- [Input for this task]
________________________

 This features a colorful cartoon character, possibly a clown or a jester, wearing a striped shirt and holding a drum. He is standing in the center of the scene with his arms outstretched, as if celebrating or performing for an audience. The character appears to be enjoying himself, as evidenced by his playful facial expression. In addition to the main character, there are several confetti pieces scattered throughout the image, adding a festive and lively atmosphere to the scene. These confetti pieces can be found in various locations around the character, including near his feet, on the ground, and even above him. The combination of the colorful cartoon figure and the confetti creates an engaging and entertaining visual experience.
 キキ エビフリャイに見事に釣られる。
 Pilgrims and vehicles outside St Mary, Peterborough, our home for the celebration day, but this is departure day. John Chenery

________________________

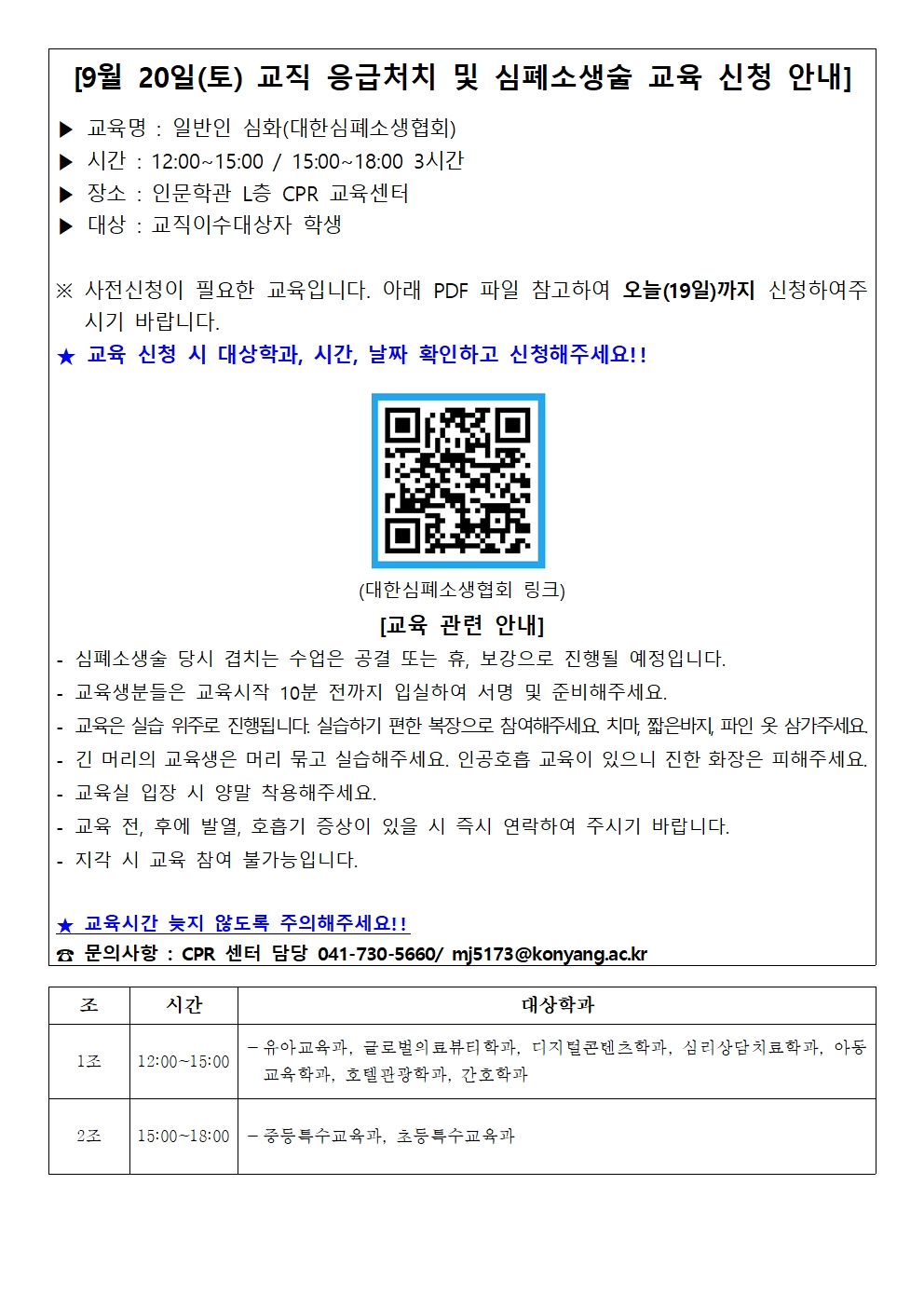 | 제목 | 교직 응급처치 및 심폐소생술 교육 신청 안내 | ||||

________________________

- [Problem statement] The expected output is exactly the lines of the listing above between the line holding "This features a" and the line holding "キキ エビフリャイに見事に釣られる。", inclusive.

- [Task response]
 This features a colorful cartoon character, possibly a clown or a jester, wearing a striped shirt and holding a drum. He is standing in the center of the scene with his arms outstretched, as if celebrating or performing for an audience. The character appears to be enjoying himself, as evidenced by his playful facial expression. In addition to the main character, there are several confetti pieces scattered throughout the image, adding a festive and lively atmosphere to the scene. These confetti pieces can be found in various locations around the character, including near his feet, on the ground, and even above him. The combination of the colorful cartoon figure and the confetti creates an engaging and entertaining visual experience.
 キキ エビフリャイに見事に釣られる。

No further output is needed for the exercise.